Hi folks-
Something we've been using that's been working out pretty well with
client-loaded data (I.e., not "bulk loading" via creating your own StoreFiles)
is to pre-bucket data by region on chunks of data.
When the client calls flushCommits() it will internally do the same thing and
bucket Puts by RegionServer, but when loading a lot of data it is more
efficient to make 1 RS RPC call to deliver 100 puts than 10 RPC calls to
deliver 10 Puts apiece, for example. This RS iteration is not a "bug" in the
client because it makes it easy to communicate to any RS in the cluster, but it
doesn't know you are trying to batch load.

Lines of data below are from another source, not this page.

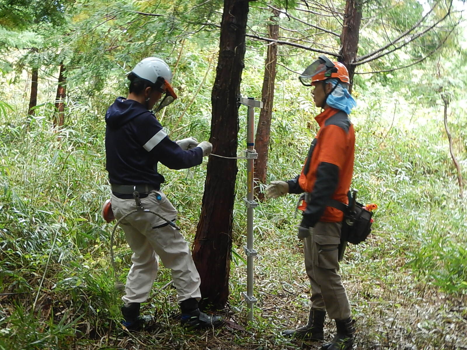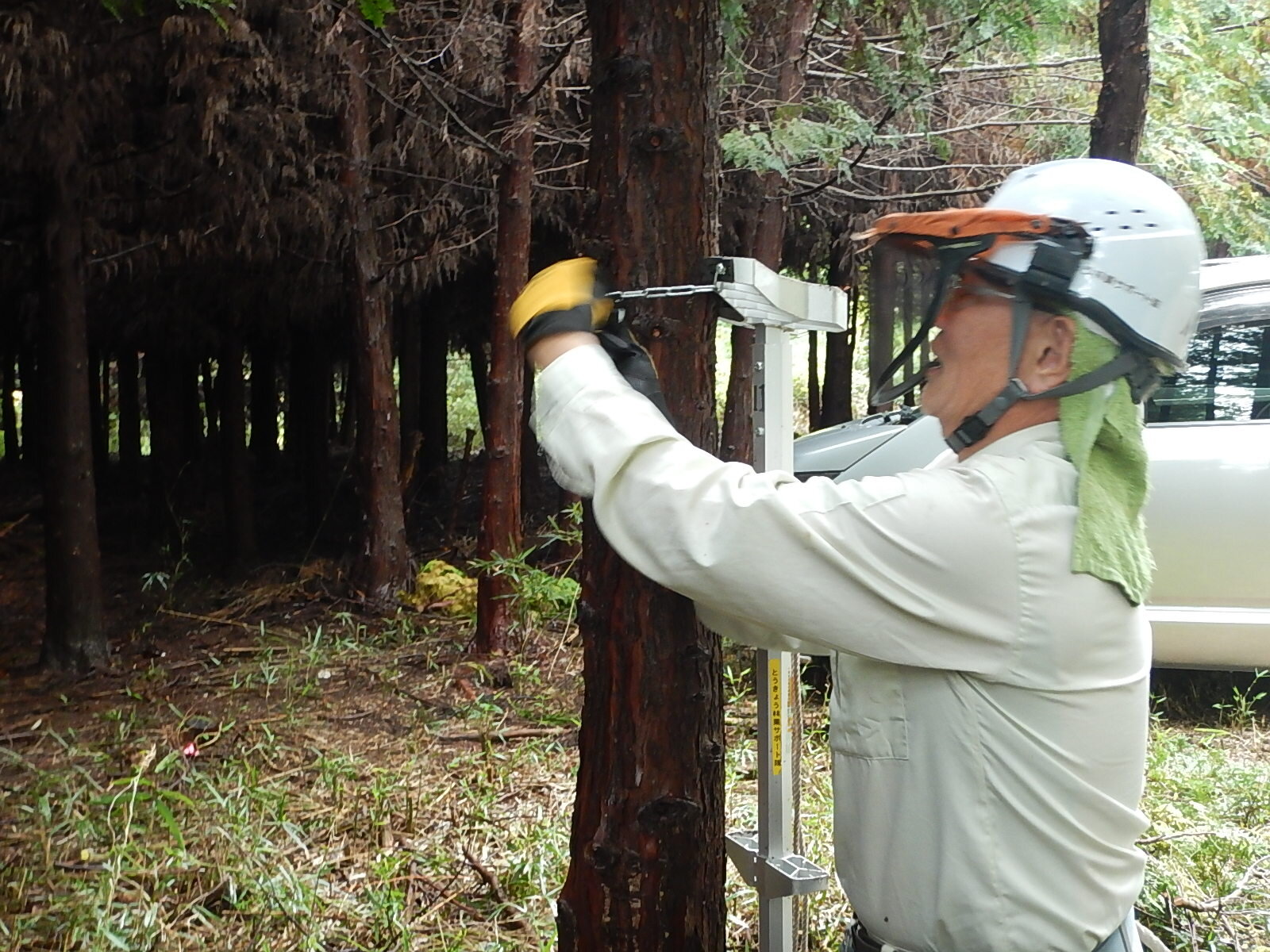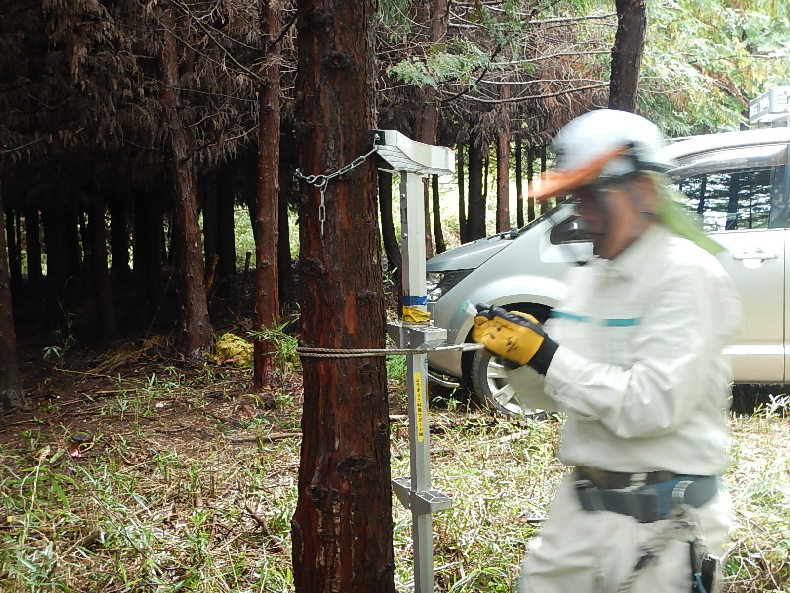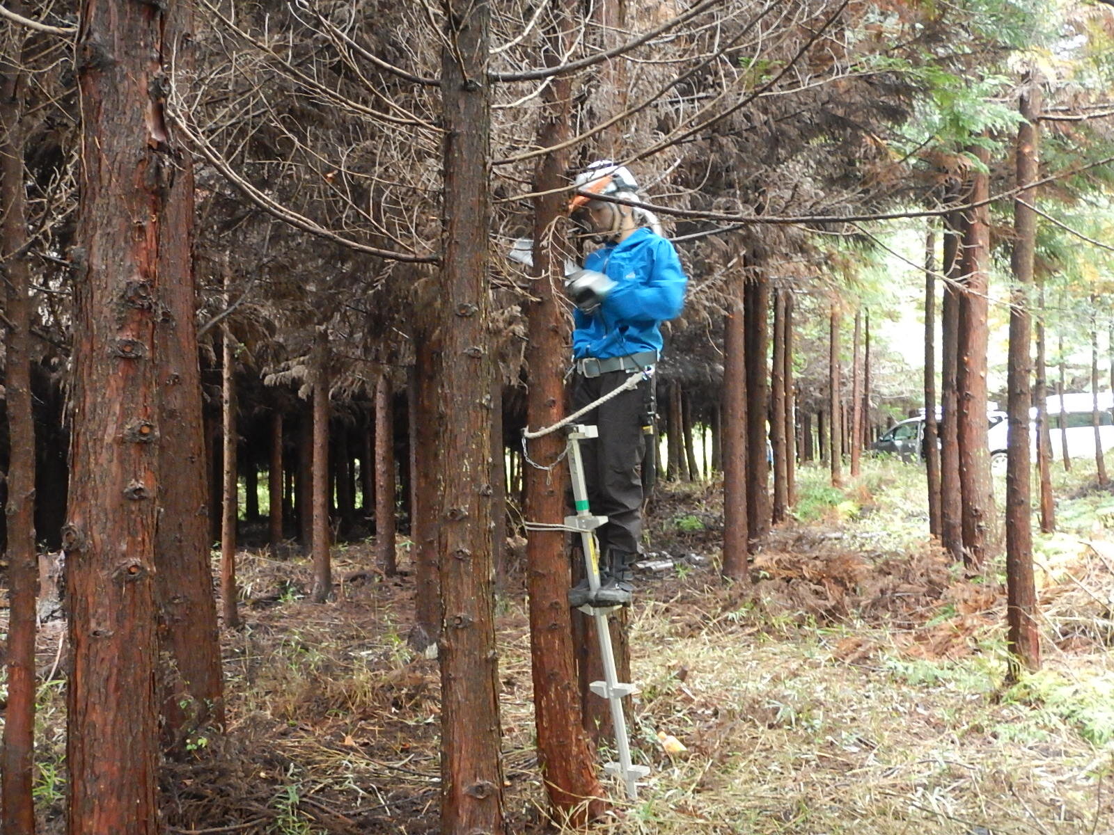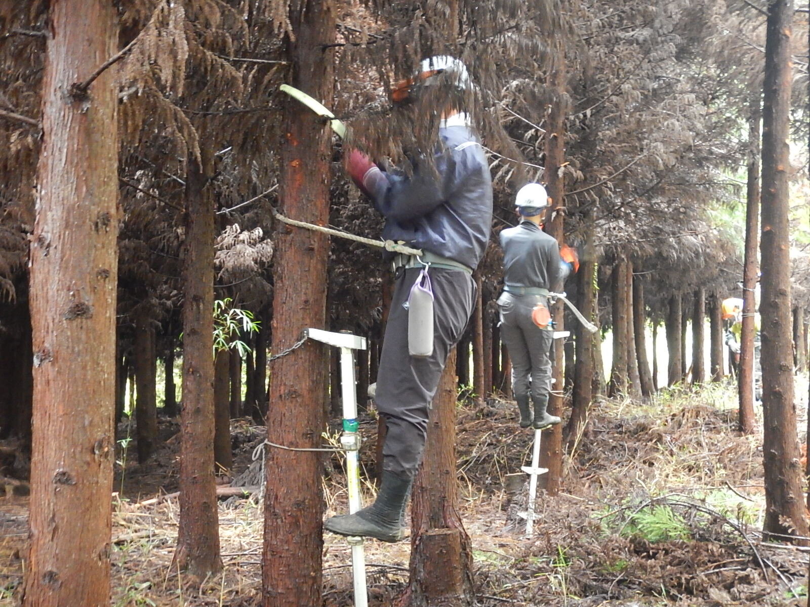 今日は明け方までの雨の影響で木の幹が濡れていたため、登降機ではなくはしごを使って枝打ちを行います。
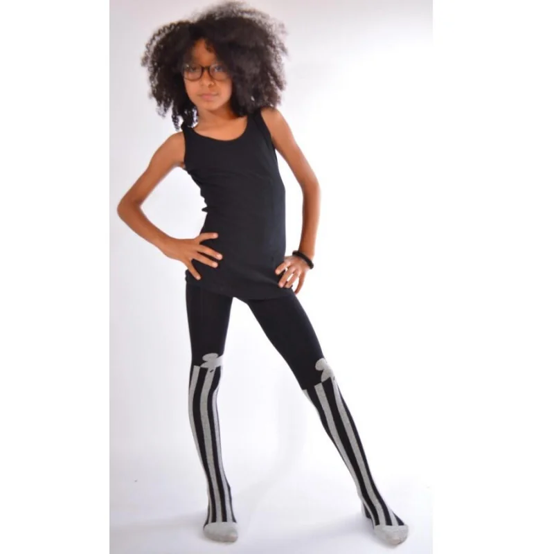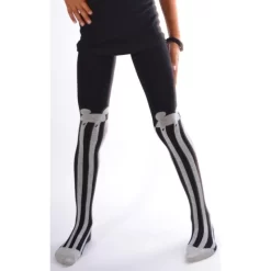 En base noire ce collant à rayures blanches reproduit un joli profil de de souris délire, ces collants enfants sont en coton tricoté tout doux et confortable.
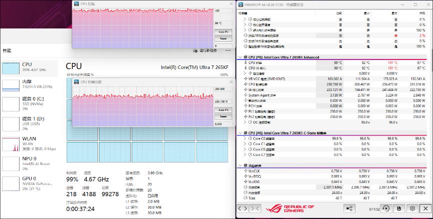 先看看ultra 7 265kf在rog魔霸9x上的大致表现,室温25℃左右,对rog魔霸9x进行单烤fpu测试,ultra 7 265kf功耗稳定在230w上下,性能释放非常猛!这说明了rog魔霸9x主板用料足、240mm液冷散热也压得住,胜任专业应用高满载运行没有什么问题。
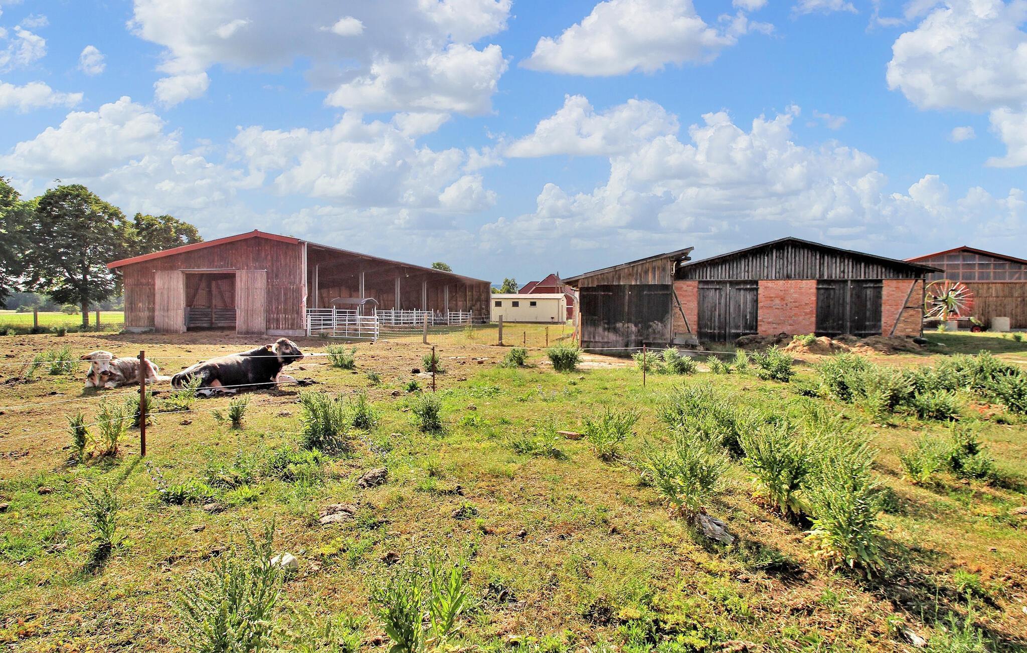 In idyllischer Ruhe und familiärer Atmosphäre, abseits des Stadtlärmes, auf einem British Longhorn Hof, befinden sich auf dem ca. 300 qm großen, umzäunten Grundstück in der Doppelhaushälfte eines 2017 erbauten Wohnhauses zwei Ferienwohnungen für 2 bzw. 4 Personen. Sie werden nachhaltig durch großflächige Solaranlagen auf Stall und Scheune versorgt.Hier finden die Gäste noch echtes Landleben zum Anfassen neben einer urigen Mutterkuhherde werden Hühner, Schafe und Ziegen alter Rassen in extensiver Weidewirtschaft gehalten. In der offenen Wald- und Wiesenlandschaft vor der Terrasse bzw. dem Balkon fühlen sich u.a. Gänse und Kraniche zu Hause. Die ruhige Lage der Wohnungen, etwas abseits des Dorfes ist idealer Ausgangspunkt für ausgedehnte Fahrradtouren. Die Gegend bietet darüber hinaus unzählige Wanderwege, Badestellen und andere Ausflugsmöglichkeiten für Erwachsene und Kinder.
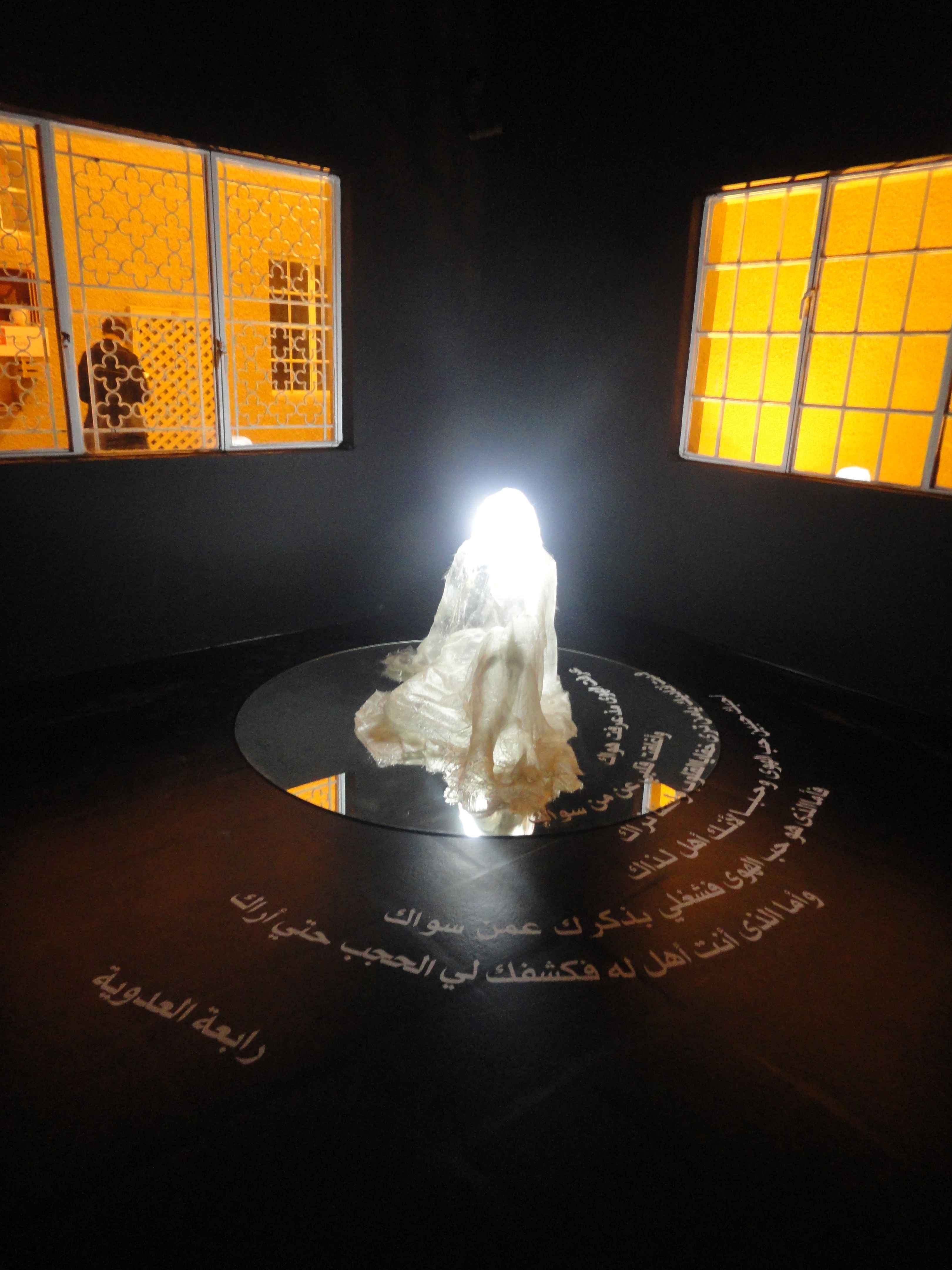The first house we entered – by coincidence!- was Emirati artist Fatma Lootah’s .. It was the first time I get the chance to see her timeless work in real which varied from paintings to installations based on famous poets such as Rab’aa Al Adaweya… Figures in Lootah’s works depicts captive women, covered with heavy materials surrounded with unseen traditions, laws, and restrictions or perhaps a tiring relation or maybe regardless of how fancy or liberal your surroundings, but is feels like cage. All these things feel like a burden holds us from moving, paralyze us and forms us into one caged creature that can only move within what is allowed. The depth in each work keeps you speechless…

The gist is to bucket every 50k-100k+ Puts or so and reduce the number of RS
RPC calls. Your milage may vary, so work out the optimal bucket interval with
your data.
I'll add this to the Hbase book and look into adding a utility method for this.
public void bucketAndPut(HTable htable, List<Put> puts) throws IOException {
// could also use a guava multimap
Map<String, List<Put>> putMap = new HashMap<String, List<Put>>();
for (Put put: puts) {
HRegionLocation rl = htable.getRegionLocation( put.getRow() );
String hostname = rl.getServerAddress().getHostname();
add( putMap, hostname, put);
}
for (List<Put> puts2: putMap.values()) {
// adjust writeBuffer as necessary
// or use .batch method
htable.put( puts2 );
}
htable.flushCommits();
}
private void add(Map<String, List<Put>> putMap, String hostname, Put put) {
List<Put> recs = putMap.get( hostname);
if (recs == null) {
recs = new ArrayList<Put>();
putMap.put( hostname, recs);
}
recs.add(put);
}
Doug Meil
Chief Software Architect, Explorys
[email protected]